··· RECORDS FOR THE TASK
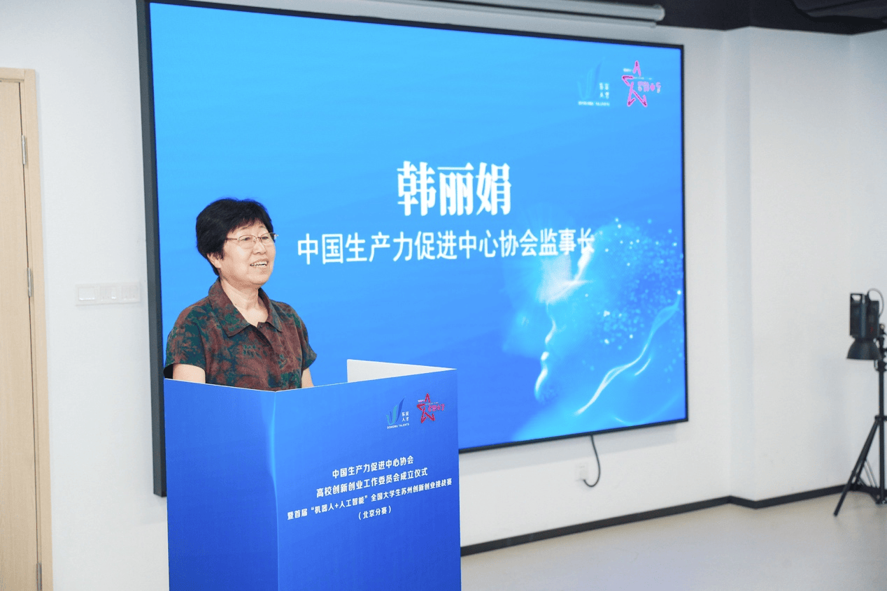 创新是引领发展的第一动力。活动伊始,中国生产力促进中心协会监事长韩丽娟致辞并宣读成立批复,宣布高校创新创业工作委员会正式成立。她在致辞中表示,机器人与人工智能的浪潮正在重塑未来,希望参赛者以赛促学,以创逐梦,既做仰望星空的思考者,更做脚踏实地的行动者。高校创新创业工作委员会将在政策对接、资源整合、孵化培育等方面提供全方位的支持,为大学生创新创业之路保驾护航。
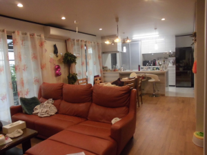 リフォーム時に壁・床・天井の断熱材を更新 し、窓サッシ交換等の開口部断熱をしたため、冬場は室内がかなり暖かくなり、広々としたリビングもエアコン1台で十分に暖房ができるようになりました。二重サッシにした部屋は外の雨音も聞こえないくらい静かになったということです。工事完了後に、ご長男ご一家が新築工事をすることになったため、家が建つまで3人が同居することになりましたが、広いLDKと使い勝手の良い間取りになったことで、窮屈な思いをすることなく楽しくお過ごしになられたようです。
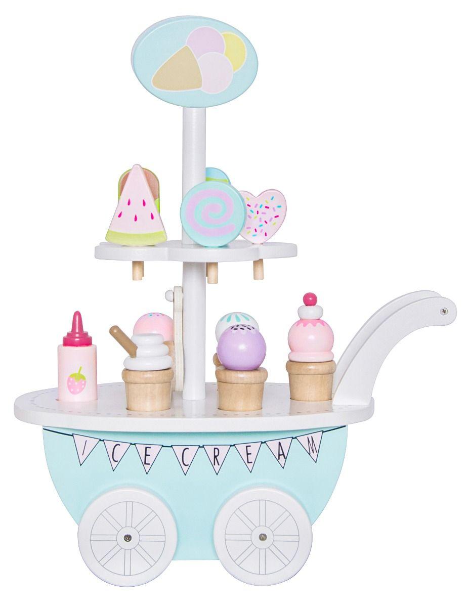 Τρόλλεϋ παγωτού - I scream, you scream, we all scream for ice cream! Υπέροχο καροτσάκι παγωτού σε παστέλ χρώματα, με δίσκους και παγωτάκια που μοσχομυρίζουν για εσας και τους φίλους σας! Το σετ έχει τέλειο μέγεθος για τα μικρά χέρια και ενθαρρύνει τη δημιουργικότητα, τη φαντασία και το παιχνίδι ρόλων. Περιλαμβάνει 1 ξύλινο καροτσάκι παγωτού με ρόδες, 1 κουτάλα παγωτού, 1 σιρόπι φράουλας, 5 παγωτά σε κυπελλάκι με αποσπώμενα κομμάτια και 5 παγωτά σε ξυλάκια με διαφορετικές γεύσεις.
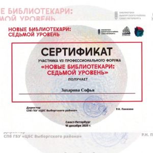 10 декабря детская библиотека (в лице заведующей Захаровой С. М.) приняла участие в качестве онлайн‑слушателя в VII Библиотечном профессиональном форуме «Новые библиотекари: Седьмой уровень», посвящённом развитию библиотек в цифровую эпоху. Организатор: библиотека имени Д. С. Лихачёва ЦБС Выборгского района Санкт-Петербурга.
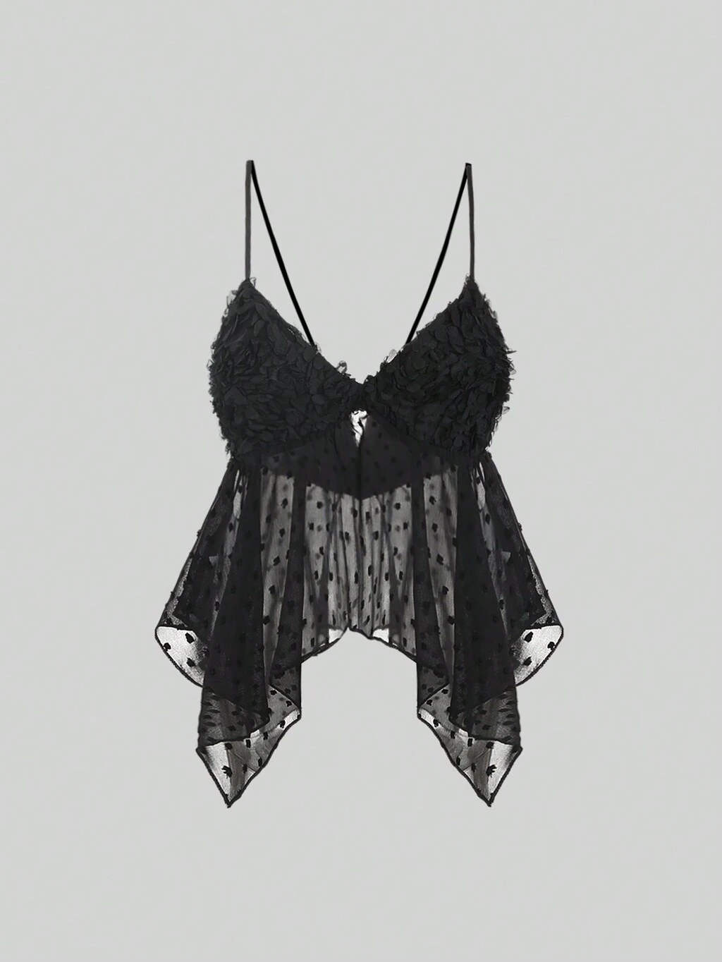 Mesh 3d Flower Splice Swiss Dot Asymmetrical Hem Cami Top
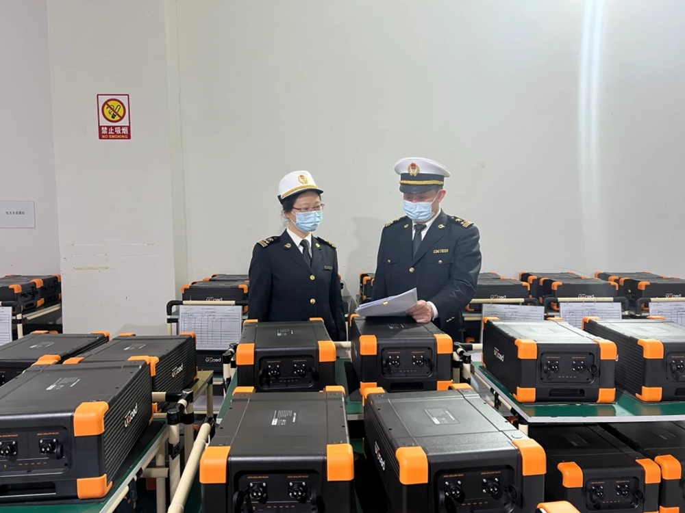海關(guān)部門(mén)多措并舉助力惠州鋰電池產(chǎn)品遠(yuǎn)銷(xiāo)海外。圖為惠州海關(guān)關(guān)員對(duì)出口鋰電池實(shí)施查驗(yàn)作業(yè)。
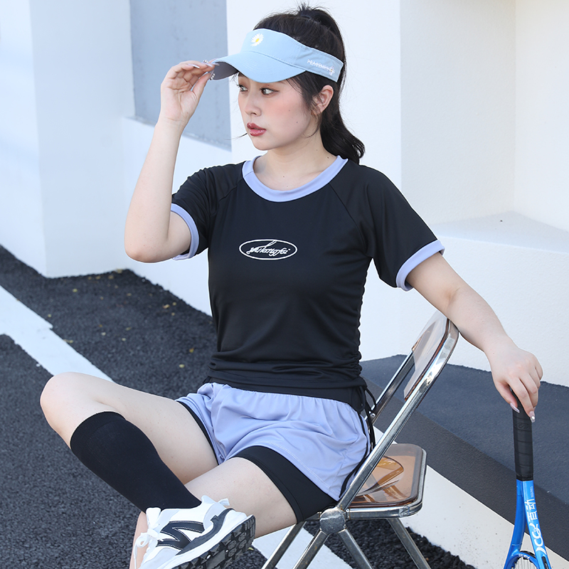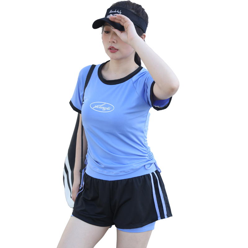 运动大码泳衣女游泳馆专用胖mm分体保守短袖短裤两件套200斤泳装
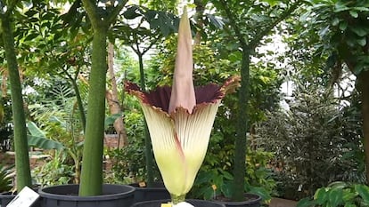 Este ejemplar es conocido como “la flor cadáver” por su olor a carne podrida y queso rancio, un aroma que atrae insectos polinizadores para que se encarguen del intercambio de polen necesario para su reproducción. Esta especie, originaria de las selvas tropicales de la isla de Sumatra (Indonesia), puede alcanzar los tres metros de altura y sus hojas llegan a medir hasta seis metros de largo. La flor de la familia araceae se puede encontrar en los jardines botánicos de otras ciudades como Basilea (Suiza), Berlín, Bonn y Göttingen (Alemania), Bogor (Indonesia), Nueva York (Estados Unidos) y Wageningen (Holanda).
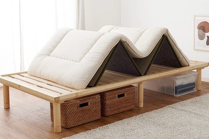 畳マットレスを折り曲げれば、手軽に布団を干しながらスノコの乾燥もでき、寝具を清潔に保てます。
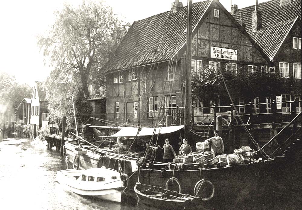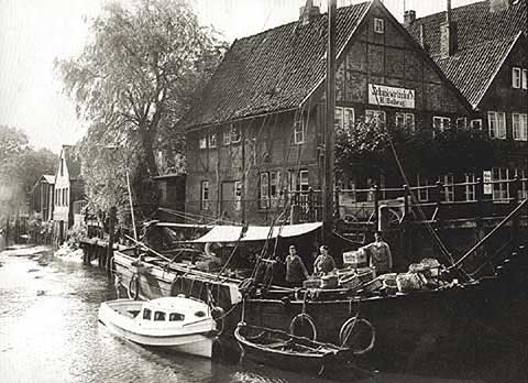 Fischkutter und kleine Frachtschiffe legten an der Störschleife in Itzehoe an und versorgten die Stadt mit Lebensmitteln. Dieser einmastige Ewer bringt frisches Obst und Gemüse aus den Hamburger Vierlanden (um 1928).
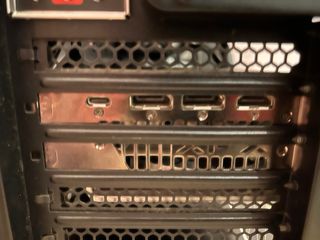 Tarjeta gráfica ATI Radeon con 512MB de memoria. - Ventilador integrado para refrigeración. - Conexiones de vídeo visibles - conexión vga y hdmi
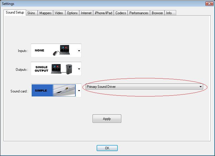 Of course, when you get this error, you can't play any song from either deck (although everything else works). I immediately went to Config > Sound Setup to check my settings, thinking that I left it set at ASIO DRIVER from my last gig (I was at home at the time with no external sound card attached). However, everything looked fine (i.e., it was set to SIMPLE) after a quick glance. Then I started to panic, as I knew I hadn't changed any of my sound settings in the PC, and all other programs on my PC that used the sound card worked fine!
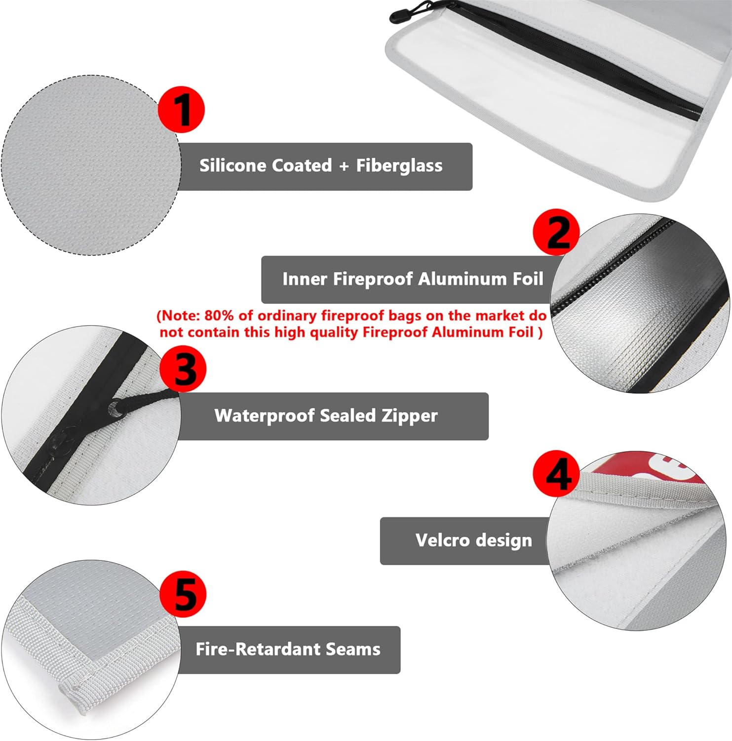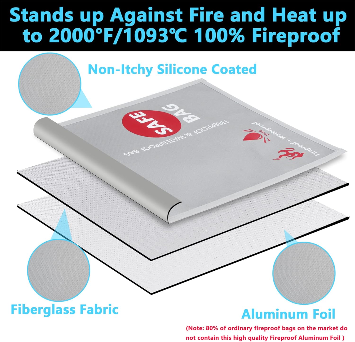 - Fireproof Design: Made of super high quality Silicone Coated Retardant-fiberglass exterior and aluminum foil interior, which can withstand temperatures as heat up to 2000 ℉.
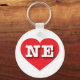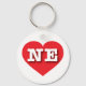 Este llavero presenta un vibrante corazón rojo que contiene las letras negrita, blanca y alta del funda NE, la abreviatura oficial del estado de Nebraska, el estado de la cascarilla.
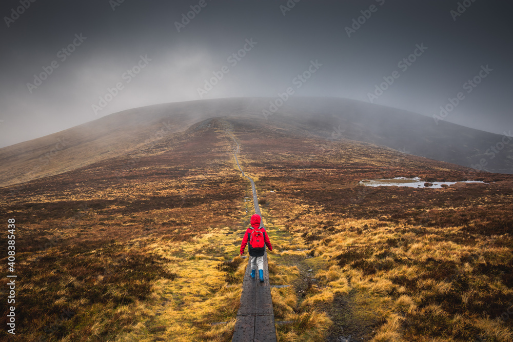 Boy in a red jacket, hiking on wooden path leading through the wicklow mountains, Djouce pek Ireland. Wooden path in foggy mountain landscape, in Autumn. 2019 Ireland
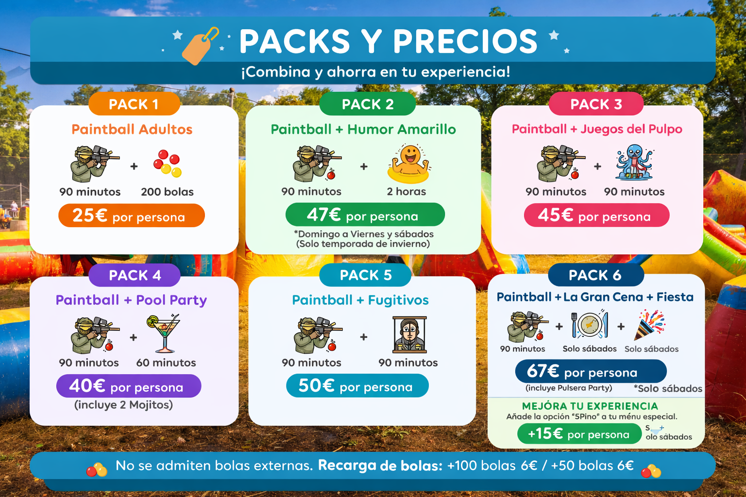 - Recargas: Adultos +100 bolas 6€ · Kids +50 bolas 6€
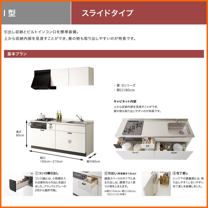 | 商品名 | クリナップ コンパクトキッチン コルティ 1950 スライドタイプ Hシリーズ 3口コンロ Y |
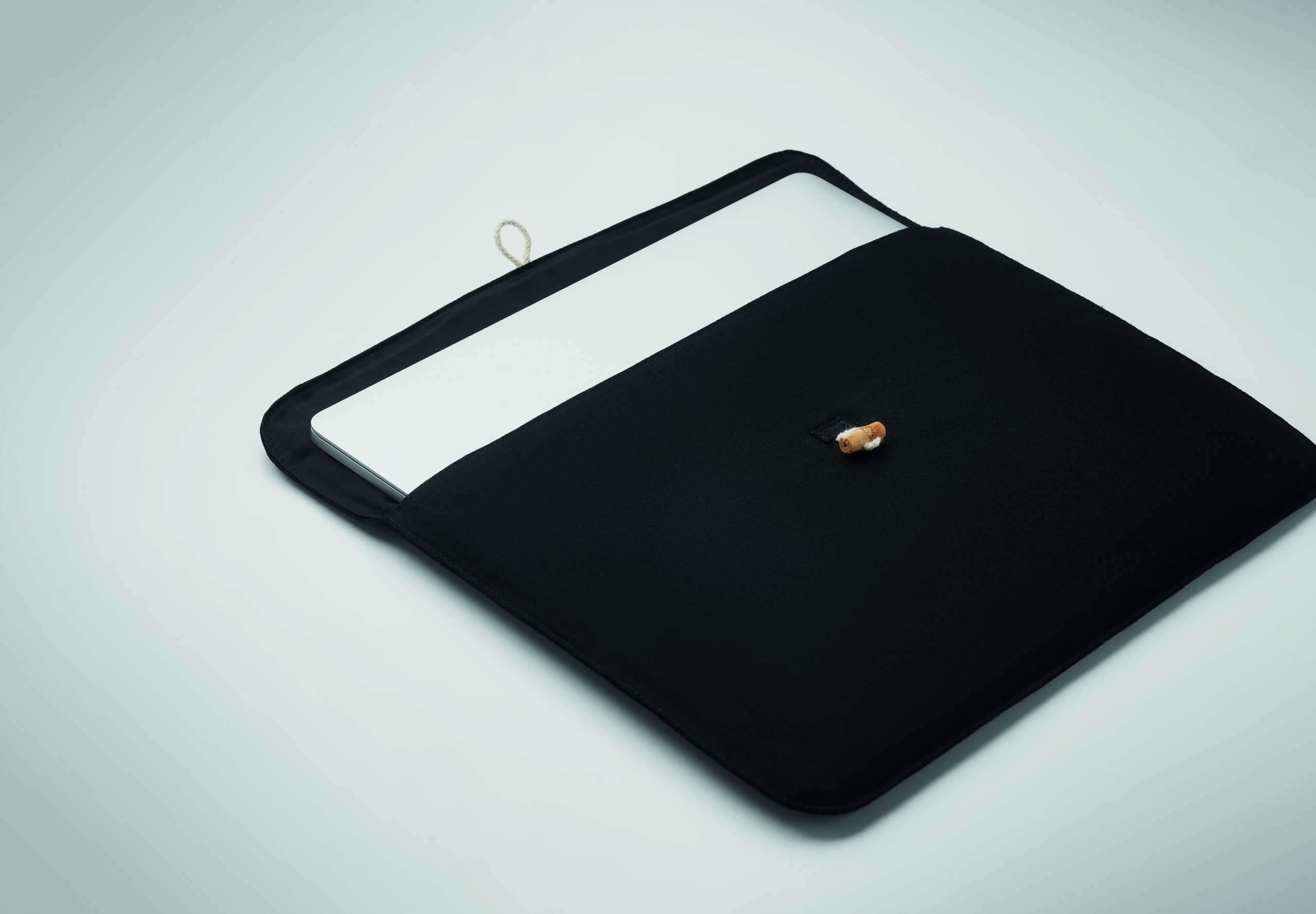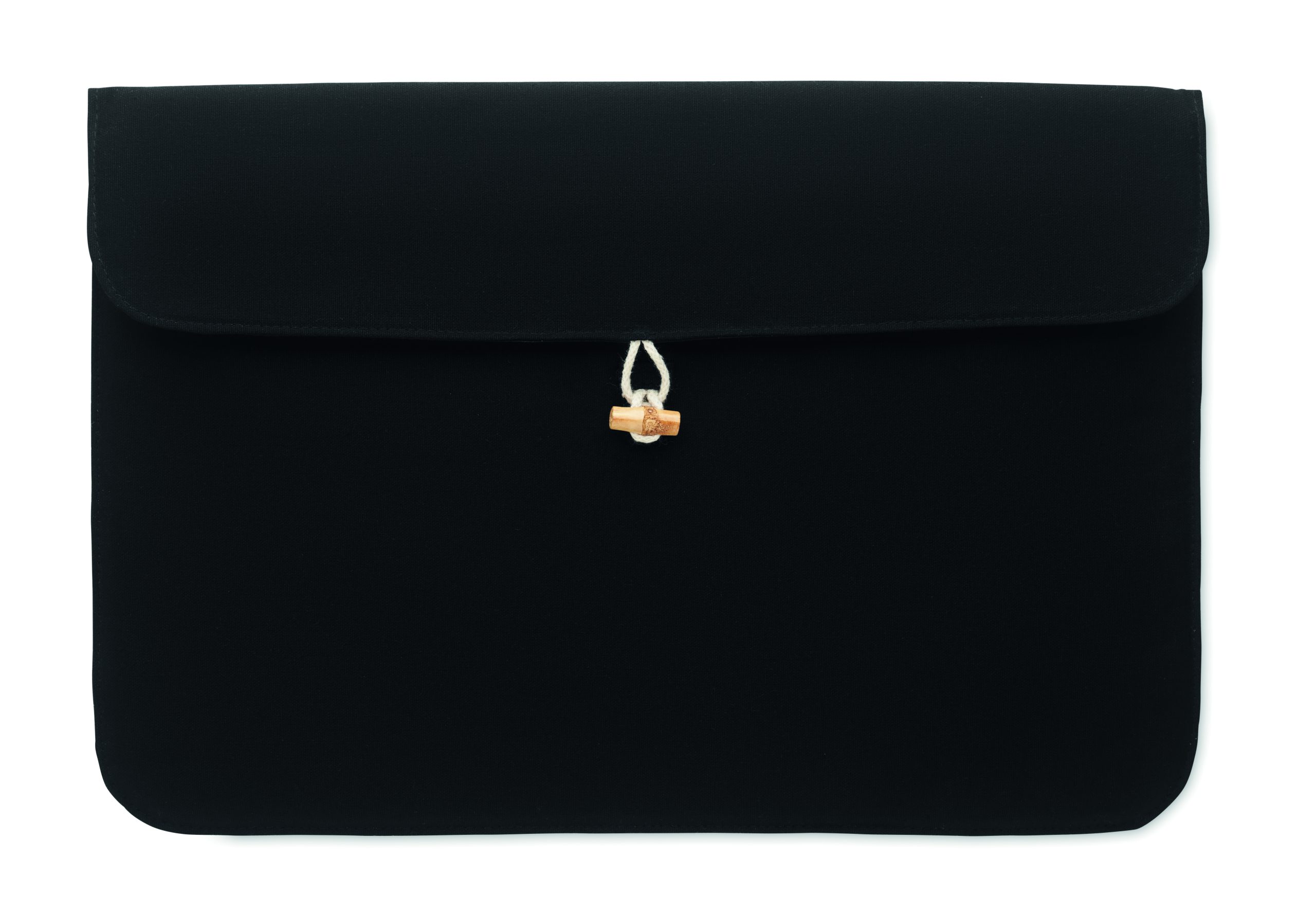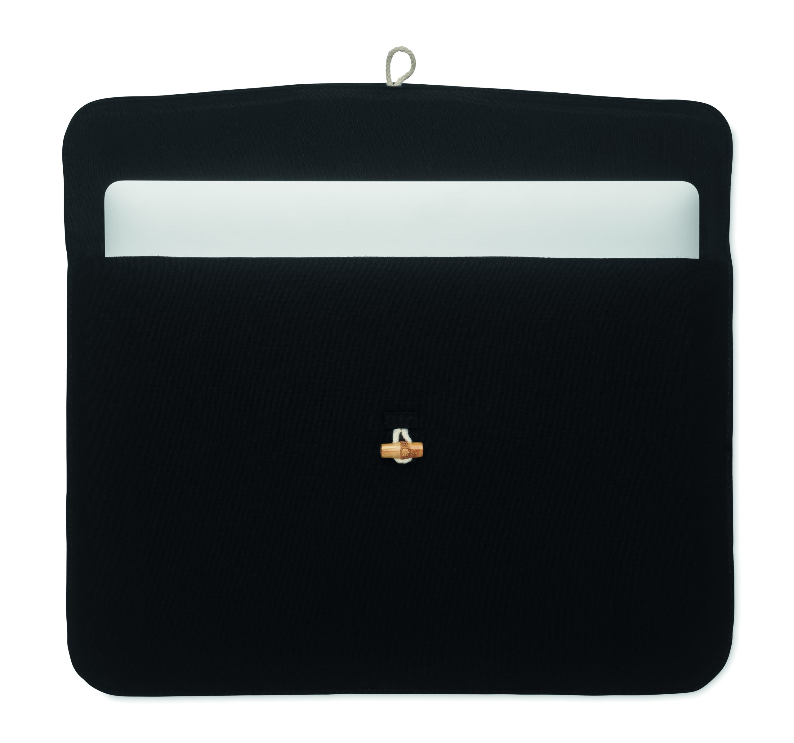 15-calowa wyściełana torba na laptopa z bawełny 220 gr/m². Wewnętrzna podszewka 120 gr/m². Bambusowe zapięcie na guzik.
······
*ASSIGNMENT*
Output every entry exactly as given; pictures are not part of the copy.

*WRITTEN ANSWER*
 创新是引领发展的第一动力。活动伊始,中国生产力促进中心协会监事长韩丽娟致辞并宣读成立批复,宣布高校创新创业工作委员会正式成立。她在致辞中表示,机器人与人工智能的浪潮正在重塑未来,希望参赛者以赛促学,以创逐梦,既做仰望星空的思考者,更做脚踏实地的行动者。高校创新创业工作委员会将在政策对接、资源整合、孵化培育等方面提供全方位的支持,为大学生创新创业之路保驾护航。
 リフォーム時に壁・床・天井の断熱材を更新 し、窓サッシ交換等の開口部断熱をしたため、冬場は室内がかなり暖かくなり、広々としたリビングもエアコン1台で十分に暖房ができるようになりました。二重サッシにした部屋は外の雨音も聞こえないくらい静かになったということです。工事完了後に、ご長男ご一家が新築工事をすることになったため、家が建つまで3人が同居することになりましたが、広いLDKと使い勝手の良い間取りになったことで、窮屈な思いをすることなく楽しくお過ごしになられたようです。
 Τρόλλεϋ παγωτού - I scream, you scream, we all scream for ice cream! Υπέροχο καροτσάκι παγωτού σε παστέλ χρώματα, με δίσκους και παγωτάκια που μοσχομυρίζουν για εσας και τους φίλους σας! Το σετ έχει τέλειο μέγεθος για τα μικρά χέρια και ενθαρρύνει τη δημιουργικότητα, τη φαντασία και το παιχνίδι ρόλων. Περιλαμβάνει 1 ξύλινο καροτσάκι παγωτού με ρόδες, 1 κουτάλα παγωτού, 1 σιρόπι φράουλας, 5 παγωτά σε κυπελλάκι με αποσπώμενα κομμάτια και 5 παγωτά σε ξυλάκια με διαφορετικές γεύσεις.
 10 декабря детская библиотека (в лице заведующей Захаровой С. М.) приняла участие в качестве онлайн‑слушателя в VII Библиотечном профессиональном форуме «Новые библиотекари: Седьмой уровень», посвящённом развитию библиотек в цифровую эпоху. Организатор: библиотека имени Д. С. Лихачёва ЦБС Выборгского района Санкт-Петербурга.
 Mesh 3d Flower Splice Swiss Dot Asymmetrical Hem Cami Top
海關(guān)部門(mén)多措并舉助力惠州鋰電池產(chǎn)品遠(yuǎn)銷(xiāo)海外。圖為惠州海關(guān)關(guān)員對(duì)出口鋰電池實(shí)施查驗(yàn)作業(yè)。
 运动大码泳衣女游泳馆专用胖mm分体保守短袖短裤两件套200斤泳装
 Este ejemplar es conocido como “la flor cadáver” por su olor a carne podrida y queso rancio, un aroma que atrae insectos polinizadores para que se encarguen del intercambio de polen necesario para su reproducción. Esta especie, originaria de las selvas tropicales de la isla de Sumatra (Indonesia), puede alcanzar los tres metros de altura y sus hojas llegan a medir hasta seis metros de largo. La flor de la familia araceae se puede encontrar en los jardines botánicos de otras ciudades como Basilea (Suiza), Berlín, Bonn y Göttingen (Alemania), Bogor (Indonesia), Nueva York (Estados Unidos) y Wageningen (Holanda).
 畳マットレスを折り曲げれば、手軽に布団を干しながらスノコの乾燥もでき、寝具を清潔に保てます。
 Fischkutter und kleine Frachtschiffe legten an der Störschleife in Itzehoe an und versorgten die Stadt mit Lebensmitteln. Dieser einmastige Ewer bringt frisches Obst und Gemüse aus den Hamburger Vierlanden (um 1928).
 Tarjeta gráfica ATI Radeon con 512MB de memoria. - Ventilador integrado para refrigeración. - Conexiones de vídeo visibles - conexión vga y hdmi
 Of course, when you get this error, you can't play any song from either deck (although everything else works). I immediately went to Config > Sound Setup to check my settings, thinking that I left it set at ASIO DRIVER from my last gig (I was at home at the time with no external sound card attached). However, everything looked fine (i.e., it was set to SIMPLE) after a quick glance. Then I started to panic, as I knew I hadn't changed any of my sound settings in the PC, and all other programs on my PC that used the sound card worked fine!
 - Fireproof Design: Made of super high quality Silicone Coated Retardant-fiberglass exterior and aluminum foil interior, which can withstand temperatures as heat up to 2000 ℉.
 Este llavero presenta un vibrante corazón rojo que contiene las letras negrita, blanca y alta del funda NE, la abreviatura oficial del estado de Nebraska, el estado de la cascarilla.
 Boy in a red jacket, hiking on wooden path leading through the wicklow mountains, Djouce pek Ireland. Wooden path in foggy mountain landscape, in Autumn. 2019 Ireland
 - Recargas: Adultos +100 bolas 6€ · Kids +50 bolas 6€
 | 商品名 | クリナップ コンパクトキッチン コルティ 1950 スライドタイプ Hシリーズ 3口コンロ Y |
 15-calowa wyściełana torba na laptopa z bawełny 220 gr/m². Wewnętrzna podszewka 120 gr/m². Bambusowe zapięcie na guzik.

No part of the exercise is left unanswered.